Know whether your skills actually improve agent behavior — not just look different.

Why rashomon?

> Inspired by the Rashomon effect — the idea that the same event can produce different outcomes depending on perspective. > rashomon makes those differences explicit and comparable.

  • Built a skill but unsure if it actually changes agent behavior?
  • Iterating on skills and prompts by gut feel instead of evidence?
  • Want proof that your changes made things better, not just different?

rashomon evaluates skills and prompts through blind comparison — running tasks with and without your changes in isolated environments, then comparing real outputs without knowing which version produced which.

Who Is This For?

rashomon is designed for:

  • Skill authors who want evidence-based validation
  • Developers using Claude Code daily
  • Teams iterating on complex prompts (coding, analysis, writing)
  • Anyone who wants evidence, not vibes, when improving skills and prompts

Not ideal if:

  • You want one-shot prompt rewriting without comparison

Quick Example

Skill Evaluation

/recipe-eval-skill create

Creates a skill through interactive dialog, then evaluates effectiveness: 1. Collects domain knowledge, project-specific rules, and trigger phrases 2. Generates optimized skill content (graded A/B/C) 3. Runs a test task with and without the skill in isolated environments, using blind A/B comparison

What the evaluation report looks like:

Skill Quality: Grade A
- Project-specific rules clearly encoded, no critical issues

Trigger Check: pass (discovered + invoked)

Execution Effectiveness:
- Winner: with-skill
- Assessment: structural improvement
- Key difference: 3-stage catch ordering and retry constraints
  applied correctly (attributed to skill Rules 3 and 6)

Recommendation: ship
/recipe-eval-skill api-error-handling skill's scope needs adjustment

Updates an existing skill, then evaluates old vs new version side by side.

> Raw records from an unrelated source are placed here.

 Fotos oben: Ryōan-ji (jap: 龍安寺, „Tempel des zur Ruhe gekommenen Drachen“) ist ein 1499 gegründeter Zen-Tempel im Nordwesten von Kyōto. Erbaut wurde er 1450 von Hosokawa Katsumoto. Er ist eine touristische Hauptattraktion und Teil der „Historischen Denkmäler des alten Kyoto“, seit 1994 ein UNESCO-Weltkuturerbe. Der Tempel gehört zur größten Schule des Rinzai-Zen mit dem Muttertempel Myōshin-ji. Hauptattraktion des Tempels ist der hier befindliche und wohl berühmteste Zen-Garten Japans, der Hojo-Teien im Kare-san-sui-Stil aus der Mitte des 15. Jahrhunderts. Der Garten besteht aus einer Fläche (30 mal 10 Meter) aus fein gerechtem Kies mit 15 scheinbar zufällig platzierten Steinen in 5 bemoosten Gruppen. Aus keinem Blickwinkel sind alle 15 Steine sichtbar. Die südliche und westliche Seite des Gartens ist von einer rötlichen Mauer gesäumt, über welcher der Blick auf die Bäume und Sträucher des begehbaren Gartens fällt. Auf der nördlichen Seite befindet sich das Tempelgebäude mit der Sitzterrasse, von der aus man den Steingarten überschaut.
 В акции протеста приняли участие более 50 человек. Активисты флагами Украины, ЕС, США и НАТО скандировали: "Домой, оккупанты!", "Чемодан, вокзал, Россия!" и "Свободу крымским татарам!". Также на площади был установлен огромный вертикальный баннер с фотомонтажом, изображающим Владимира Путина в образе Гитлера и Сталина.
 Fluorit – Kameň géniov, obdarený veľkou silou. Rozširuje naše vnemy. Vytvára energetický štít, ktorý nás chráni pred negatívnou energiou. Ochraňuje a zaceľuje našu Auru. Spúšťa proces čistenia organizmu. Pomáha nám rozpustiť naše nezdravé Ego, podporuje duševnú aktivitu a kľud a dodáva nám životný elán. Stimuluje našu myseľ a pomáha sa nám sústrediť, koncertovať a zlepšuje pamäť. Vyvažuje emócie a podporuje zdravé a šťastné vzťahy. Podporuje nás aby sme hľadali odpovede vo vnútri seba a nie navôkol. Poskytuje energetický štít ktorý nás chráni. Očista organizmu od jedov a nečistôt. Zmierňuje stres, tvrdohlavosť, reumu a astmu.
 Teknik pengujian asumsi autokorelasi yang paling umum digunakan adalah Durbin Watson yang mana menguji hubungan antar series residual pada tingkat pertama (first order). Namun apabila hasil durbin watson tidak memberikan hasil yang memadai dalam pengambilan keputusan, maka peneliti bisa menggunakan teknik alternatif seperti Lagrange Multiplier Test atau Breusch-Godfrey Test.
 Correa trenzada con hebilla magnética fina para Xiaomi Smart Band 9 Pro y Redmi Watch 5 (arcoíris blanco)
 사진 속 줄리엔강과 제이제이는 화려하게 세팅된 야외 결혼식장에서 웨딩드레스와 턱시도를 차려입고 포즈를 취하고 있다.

See a real-world example: I Built a Skill Reviewer. Then I Ran It on Itself.

Prompt Evaluation

/recipe-eval-prompt Write a function to sort an array

Analyzes prompt issues, generates an improved version, runs both in isolated environments, and shows what actually changed.

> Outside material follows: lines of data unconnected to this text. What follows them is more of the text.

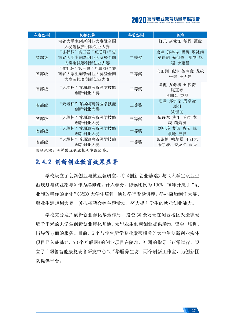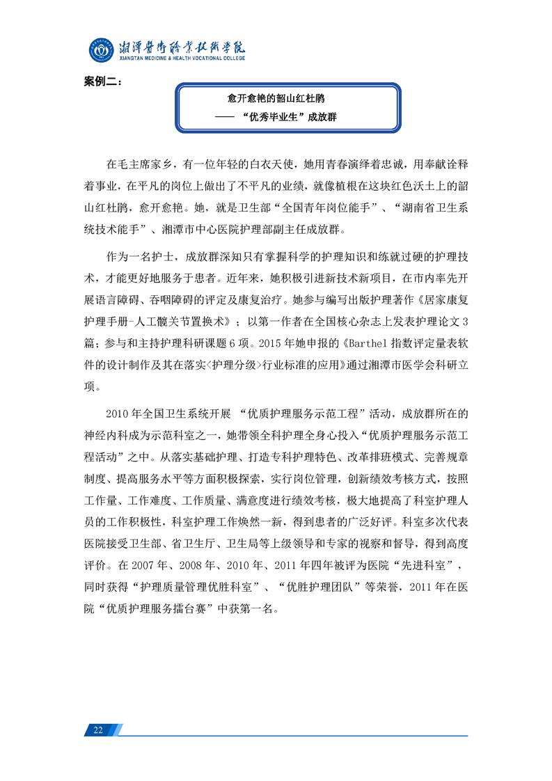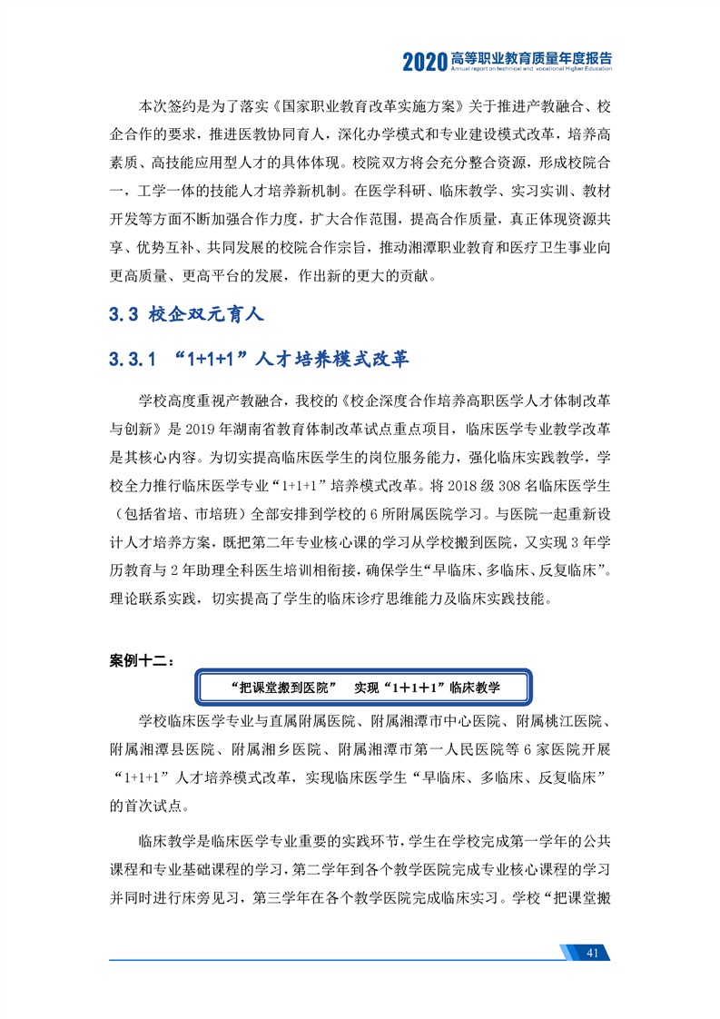 湘潭医卫职院附属医院参与半岛(中国)高等职业教育人才培养报告(2
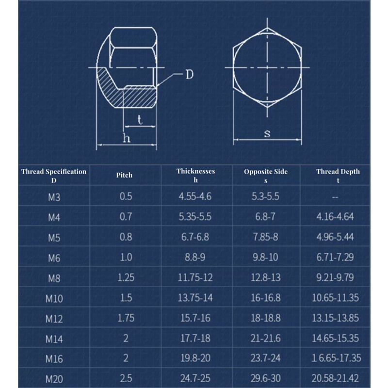 Bảng Thông Số Kỹ Thuật Đai Ốc Lục Giác Đầu Bịt m3 m4 m5 m6 m8 m10 m12 m14 m16 m20:
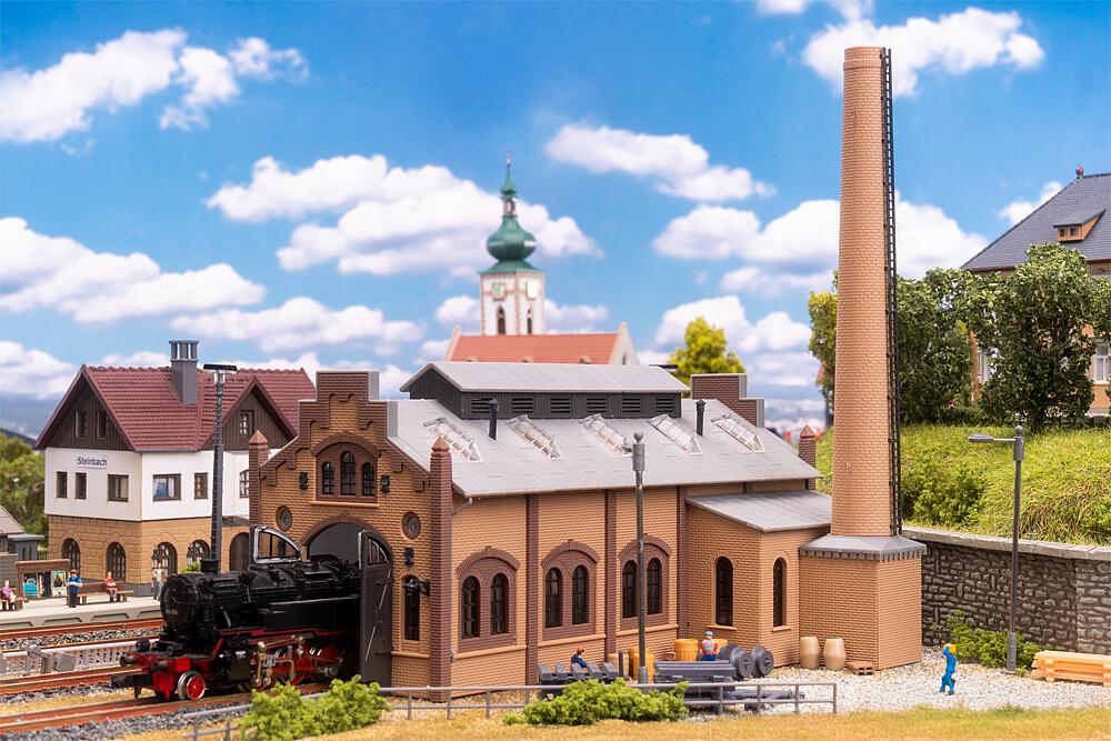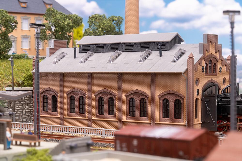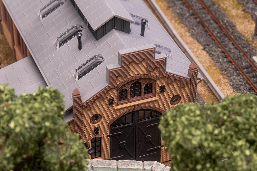 Vielseitig einsetzbar als Lokschuppen, Werkstatt oder Schlosserei – mit Durchfahrtstoren vorne und hinten. Die Modulbauweise lässt eine variable Gebäudeverlängerung und den Bau mehrerer Modelle nebeneinander zu. Kamin vorbereitet für Rauchgeneratoren, für besonders realistische Miniaturszenen.

<details> <summary>Prompt Evaluation Details</summary>

What You Get

1. Detected Issues

- BP-002 (Vague Instructions): Sort order, language, and error handling not specified
- BP-003 (Missing Output Format): No expected output structure defined

2. Improved Prompt

Write a TypeScript function that sorts a number array in ascending order.
- Return empty array for empty input
- Include JSDoc comments
- Output: function code with example usage

3. Comparison Report

| Aspect | Original | Improved | |--------|----------|----------| | Type definitions | None | Included | | Edge case handling | None | Included | | Documentation | None | JSDoc added |

Result: Structural Improvement - The optimization made a meaningful difference.

Example: When rashomon finds no real improvement

/recipe-eval-prompt Summarize this article in 3 bullet points

Result: Variance - Prompt was already well-scoped; differences were stylistic only.

</details>

Installation

> Requires Claude Code (this is a Claude Code plugin)

# 1. Start Claude Code
claude

# 2. Install the marketplace
/plugin marketplace add shinpr/rashomon

# 3. Install plugin
/plugin install rashomon@rashomon

# 4. Restart session (required)
# Exit and restart Claude Code

Usage

Skill Evaluation

/recipe-eval-skill create

Create a new skill and evaluate its effectiveness.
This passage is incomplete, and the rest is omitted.